Transgender women medical care

Transgender women medical care

I recently attended a medical lecture on transgender medical care. Here were some take-home points about transgender women.

3 commonly prescribed feminizing medications:

Here is an excellent checklist and consent regarding starting feminizing medications.

1. Estradiol (oral/transdermal/intramuscularly). Oral and transdermal are the most common.  Estradiol is often used for postmenopausal females.  Most physicians are accustomed to giving this. The effects of these medications are both reversible and irreversible.
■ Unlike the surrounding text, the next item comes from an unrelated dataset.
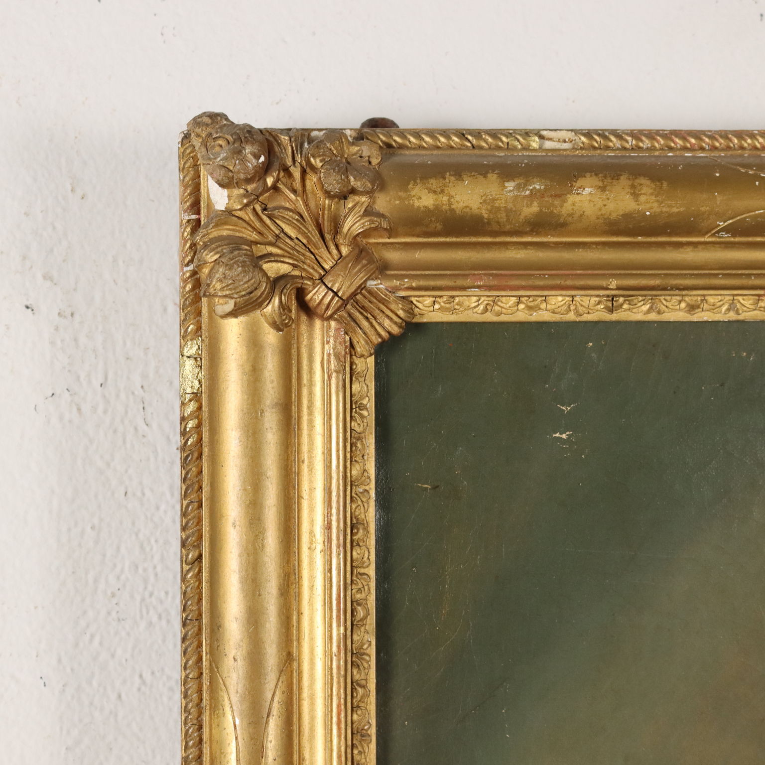 Peinture à l'huile sur toile. École d'Europe centrale de la seconde moitié du XIXe siècle. À droite, la signature de Werner. Le tableau présente une précision picturale dans le visage de la femme représentée, complète et bien définie, que l'on ne retrouve cependant pas dans les parties inférieures, où l'on peut voir les coups de pinceau rapides et non redéfinis. La toile présente de légères chutes de couleur. Il est présenté dans un décor de la fin du XIXème siècle.

Reversible (loss of muscle mass, weight gain, skin changes, erectile dysfunction, mood, nausea, increased risk of blood clots, diabetes and hypertension).
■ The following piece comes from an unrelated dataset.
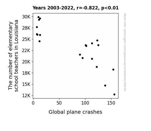 This means 67.5% of the change in the one variable (i.e., Global plane crashes) is predictable based on the change in the other (i.e., The number of elementary school teachers in Louisiana) over the 20 years from 2003 through 2022.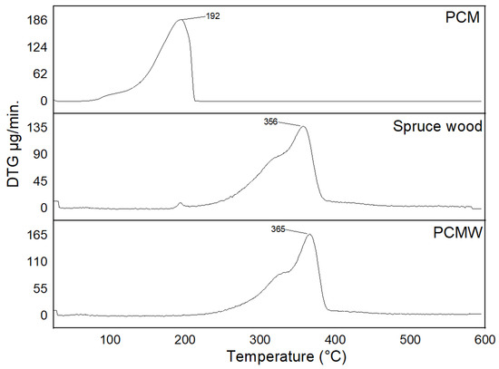 Figure 5. DTG of the PCM (n-HD)- and PCM-impregnated wood (PCMW).

Irreversible effects (breast growth, testicle size reduction, infertility).  Because of infertility, discuss fertility plans with the patient.  Estradiol 2 mg by mouth daily may help the patient inch up.  If the patient wants to shut down male attributes, a therapeutic dose may be estradiol 6 mg. Transdermal estrogen decreases clot risk.
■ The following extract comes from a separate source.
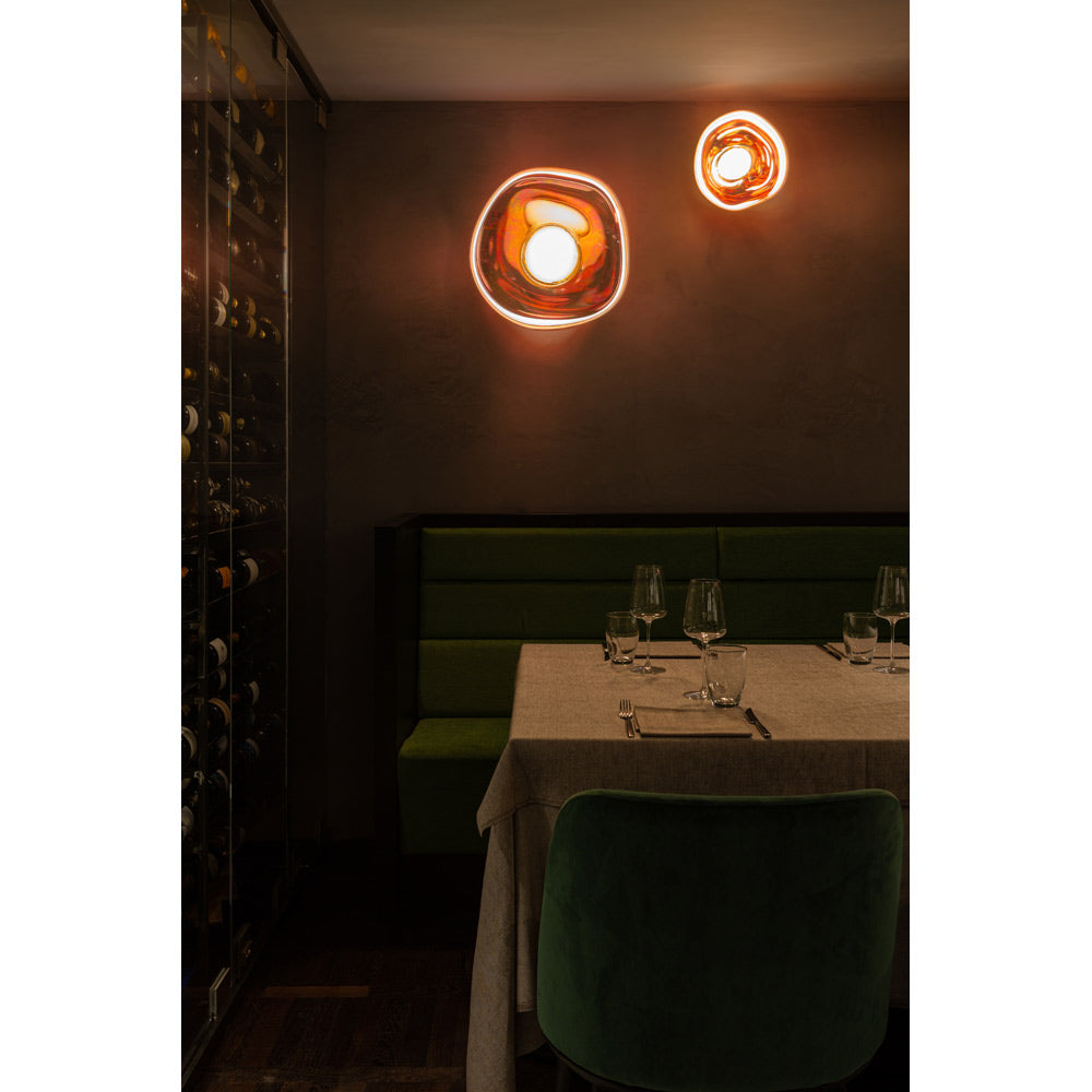 Melt is a beautifully distorted surface light now available in a new tinted white opalescent finish. By retaining Melt's organic form, we have created an opal version, which boosts its luminosity. To complement our range of metallic shades, we've introduced Opal as an alternative finish for interiors that have a more monochromatic style. Semi translucent, it maintains an ethereal ghostliness in the daylight and at night forms a perfectly illuminated orb.

2. Antiandrogen.  Spironolactone is often used.  This may cause premature breast bud fusion in adolescents.  Many physicians start with estrogen and then add spironolactone later and the dose of spironolactone can be titrated up.  Bicalutamide is an old drug that (was originally used for prostate cancer) is also used for antiandrogen effects.  It has had case report of liver failure and this should be discussed with patients.  Patients may learn of bicalutamide on Youtube. The physician and patient should used shared decision making when this drug is used.

3. Progestagens.  They promote breast growth.  Synthetic type is Depo Provera (injected subcutaneous or intramuscular every 3 months) or bio identical oral tablets of micronized progesterone.  Usual dose of micronized progesterone is 100 mg po taken nightly. 

Labwork:

Within 3 months blood lab work is done.

The treatment goal is to manipulate testosterone in all patients.  Estradiol goal is around 100.  But if the testosterone is less than 55, the medication is therapeutic.  Sex hormone binding globulin lab does not need to be obtained as it does not give us much information.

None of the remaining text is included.